The court rejected counsel’s contention that he reviewed the cases cited. That is because the court rules require counsel to present accurate, truthful representations of the facts and law to the court. This was not done. Counsel’s attempt to blame staff also was rejected. Finally, counsel’s assertion of innocence was rejected by the court concluding that under the facts an inference could properly be drawn that counsel knowingly and unreasonably violated the rules. The result: counsel was sanctioned $7500 based on counsel’s failure to accept responsibility for his conduct; was directed to file a corrected brief; and the court clerk was directed to serve a copy of the order on the State Bar.
In People v. Alverez (2025) 114 Cal. App. 5th, 1115 attorney LeRoy George Siddel, in representing defendant cited several decisions, one of which did not exist; and the others did not address issues for which they were cited. Counsel admitted to violating his professional duty by including a hallucinated citation and misrepresenting the law provided in another opinion. The court expressed special concern about the fact that the representation of a criminal defendant must be competent, and counsel’s performance did not satisfy this requirement. “Thus, criminal defense attorneys must make every effort to confirm the legal citations they supply exist and accurately reflect the law for which they are cited. That did not happen here.” (People v. Alvarez, supra, 114 Cal.
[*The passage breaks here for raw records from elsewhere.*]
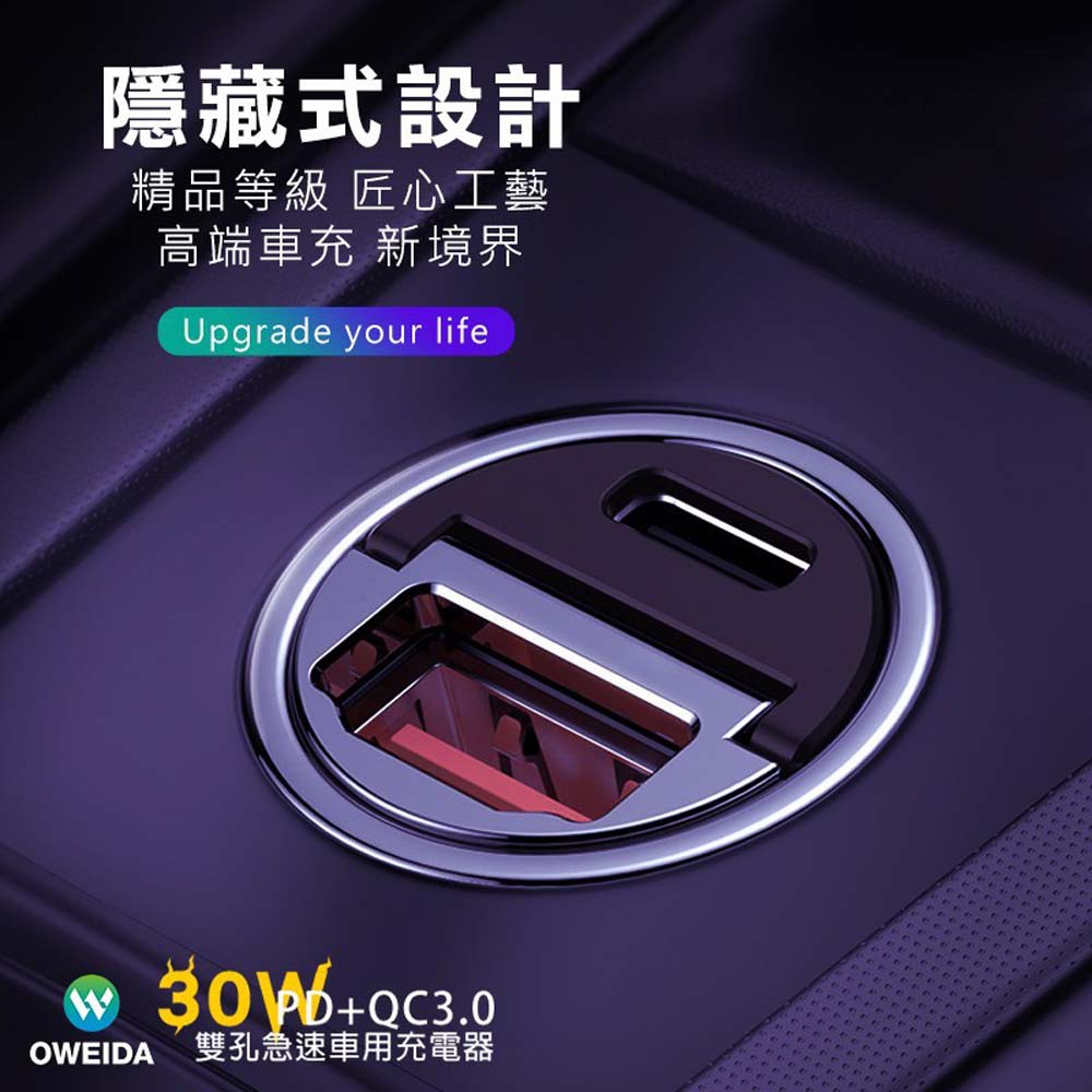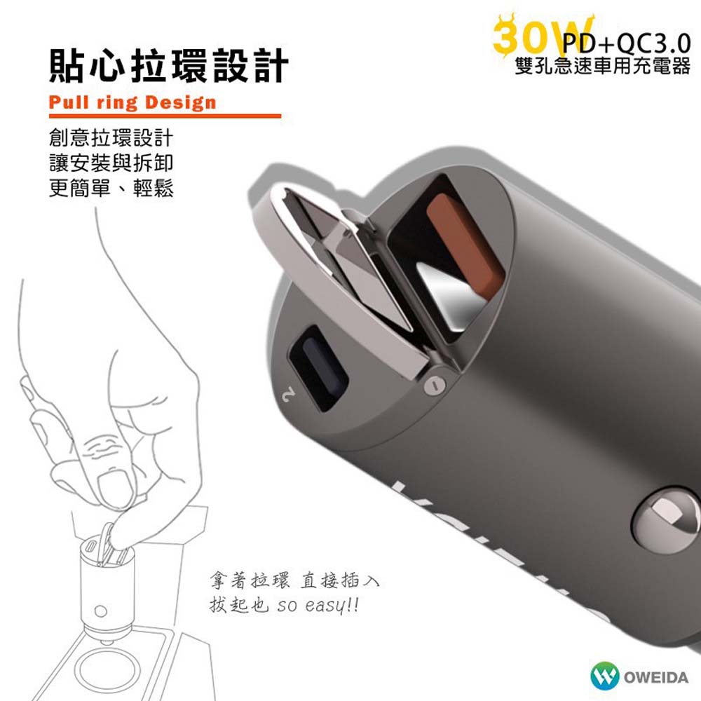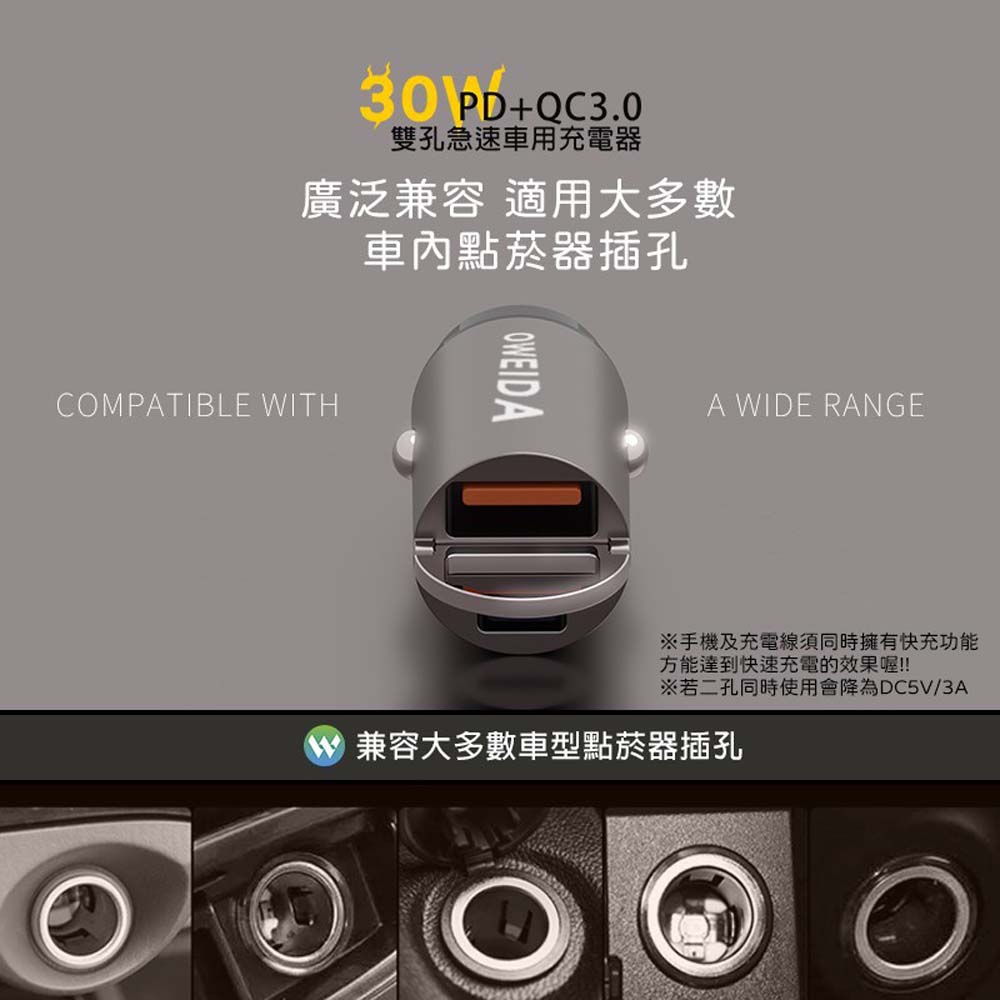 【山水之寶】30W PD+QC3.0雙孔急速車用充電器
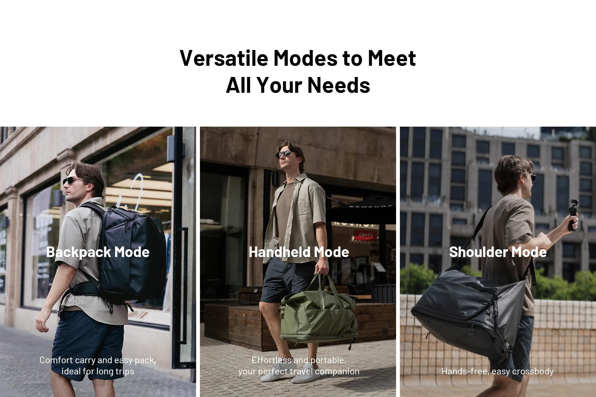 1. მრავალმხრივი ტარება: ნებისმიერი სიტუაციისთვის შეგიძლიათ გადართოთ ზურგჩანთის, მხარზე და ხელის რეჟიმებს შორის.
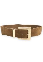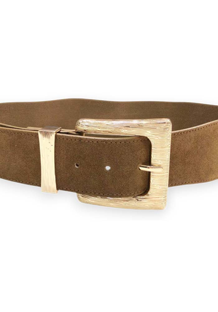 Κομψή ελαστική ζώνη Amy σε κάμελ απόχρωση με suede υφή, σχεδιασμένη για να προσδίδει δομή και πολυτέλεια σε κάθε σύνολο. Η εντυπωσιακή χρυσή μεταλλική αγκράφα με ανάγλυφο φινίρισμα λειτουργεί ως κεντρικό statement στοιχείο, προσφέροντας refined αισθητική και ισορροπία μεταξύ minimal και elegant γραμμής. Η ελαστική πίσω πλευρά εξασφαλίζει άνετη εφαρμογή και σταθερό κράτημα στη μέση, καθιστώντας τη ζώνη ιδανική για φορέματα, σακάκια, πουκάμισα ή tailored παντελόνια. Αποτελεί ευέλικτο styling εργαλείο που αναβαθμίζει άμεσα τόσο καθημερινά όσο και πιο formal looks.
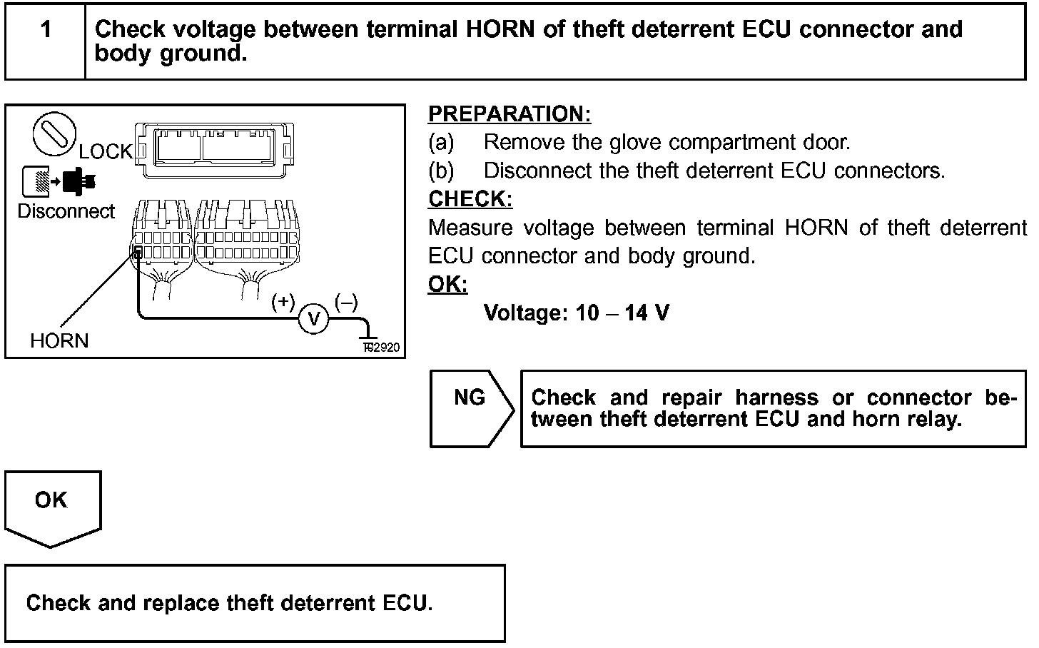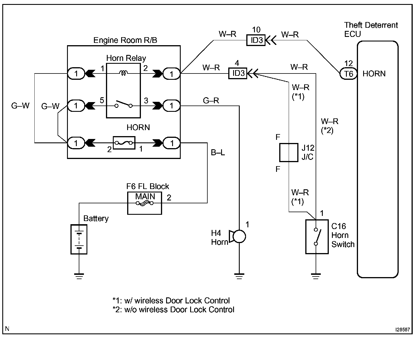 When the theft deterrent system is activated, it causes the Tr in the ECU to switch ON and OFF in approximately 0.4 sec. cycles. This switches the horn relay ON and OFF, thus the horns blow (See the wiring diagram).
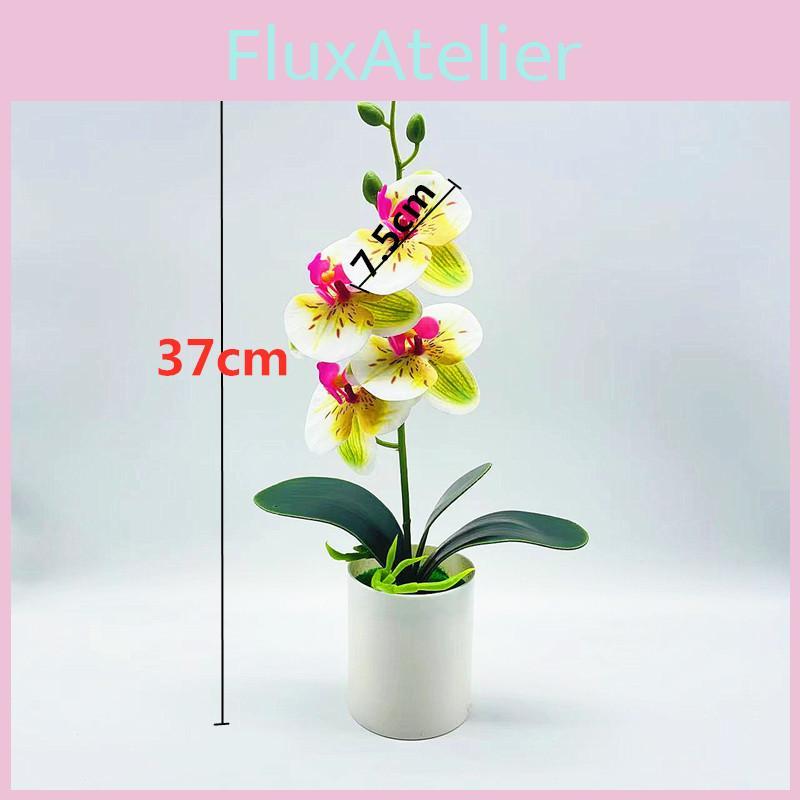 This artificial orchid plant features a 3D-printed design crafted from soft PVC material, measuring approximately 14.6 inches in height . Its realistic appearance enhances home or office decor, bringing natural beauty indoors. Ideal for desktop displays, table centerpieces, or event decorations. Wipe clean with a damp cloth for maintenance.
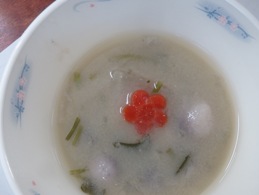 給食の献立に京風みそ汁が出ました。そのなかにしあわせにんじんが入っていました。さらにしあわせ大根も入っていて子ども達は驚き,喜んでいました。
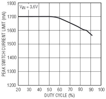 Figure 8. Typical peak switch current limit drops as duty cycle increases above 50%.
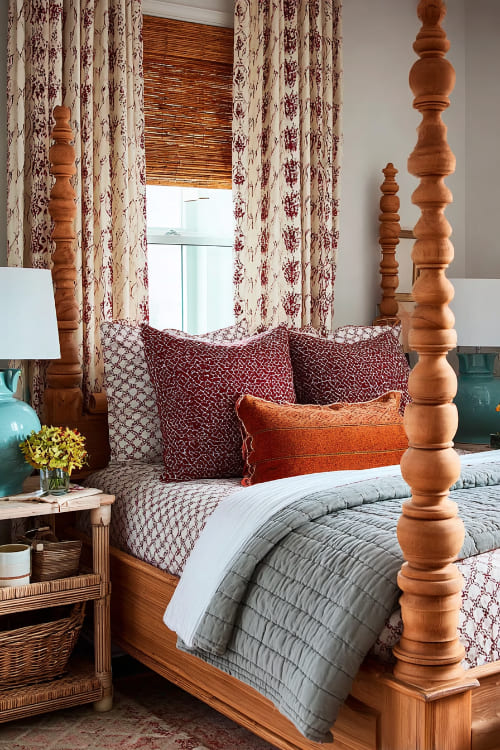 See those thick turned wood posts. They feel like a piece of sculpture. The bedding mixes tiny red pattern with a rust lumbar pillow and a soft gray quilt, while blue green lamps sit on open rattan shelves. Curtains and bamboo shade layer texture over texture. It is busy but not noisy because colors stay in the same family.

App. 5th at 1119.) Counsel withdrew from the representation; the court imposed a sanction of $1500 to reimburse the court for a small portion of the time and resources expended on this issue; and the court clerk was directed to notify the State Bar of the sanction.
In Noland v. Land of the Free, L. P. (2025) 114 Cal. App. 5th, 426 the court described what turned an unremarkable appeal into a remarkable appeal based on “nearly all of the legal quotations in plaintiff’s opening brief, and many of the quotations in plaintiff’s reply brief, being fabricated. The court noted that the generation of fake legal authority by AI sources has been widely commented on by federal and out – of – state courts and reported by many media sources. The court discussing AI hallucinations appearing in briefs quoted various sources for the propositions that hallucinations are an issue that is becoming all too common”; “the number and regularity with which courts have been faced with hallucinations in court filings continues to rise”; and a recent article suggests that the problem of AI hallucinations is getting worse, not better, noting that OpenAI’s models hallucinate 30 to 50% of the time. It is a fundamental duty of attorneys to read the legal authorities they cite in appellate briefs. Finally, because counsel had expressed remorse for his actions, the court imposed a conservative sanction of $10,000; and directed the court clerk to provide the State Bar with a copy of the opinion.
The foregoing is a cautionary tale that AI may have its uses, but competent counsel must know what the limitations are and abide by them. In that regard, the State Bar released “Practical Guidance for the Use of Generative Artificial Intelligence in the Practice of Law in November 2023. Any user of AI should not only be familiar with such guidance but also local court rules which are being developed and promulgated to guide counsel in the use of AI.